The first period surely was the Coyotes' best of the series, yet they only came out of it tied 0-0. Kings coach Darryl Sutter knows his team was a little lucky to escape the first unscathed.
"It takes all five guys to make [the forecheck] work," he said. "We weren't that good at it early on, and they were. We didn't get a chance to forecheck early. It's tough with their goalie because if you don't put pucks in the right area, he moves it so good."
Through two periods the teams were tied 1-1 and actually even in shots, 15 each, which set the stage for the Kings to put it away in the third. As in Game 2, discipline hurt the Coyotes: They headed to the box four times in the third period to sabotage their own efforts to mount a comeback.
In the end, as they have been throughout the playoffs, the Coyotes were badly outshot, the final difference ending up at 28-19. The Kings are just too much for them and may well prove too much for anyone in the league.
Reporters tried to get the notoriously dry Sutter to let his giddy "little kid inside" out to celebrate or to acknowledge his rolling team as a "team of destiny," but of course he had none of it. "I'm too old, been to lots of conference finals, only won once," he said. "The farther you go, the tougher it is to win games."
But Sutter did get unusually animated about the play of his centers, Kopitar and Jarret Stoll.
"When he's slotted right where he is, he's awesome," the coach said. "Strong, powerful in the tough areas. Him and Kopitar, outstanding."
And it's because of the dominant play of Kopitar -- still relatively unsung in NHL circles considering his immense talent -- and the suffocating play of Stoll that the Kings are in this driver's seat.

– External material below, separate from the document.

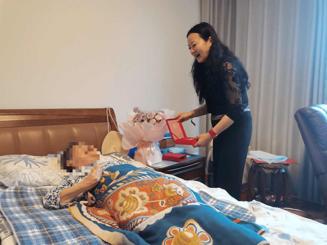 0在中国共产党成立103周年即将到来之际,吴中区退役军人事务局党组成员、副局长王丽琴专程上门,为长期因病卧床的军休干部王姣娥颁发“光荣在党50年”纪念章,以此表达对老党员的崇高敬意和深情关怀。

True, it's a full-team effort, but when you can afford to have 2011-12 acquisitions and former Flyers stars Mike Richards and Jeff Carter be essentially third-line options (just over 12 minutes of even-strength ice time for them tonight, after Carter's hat trick in Game 2), you're living well.
The Kings, with opponents powerless to match their lines nor keep the puck for very long, are indeed living well.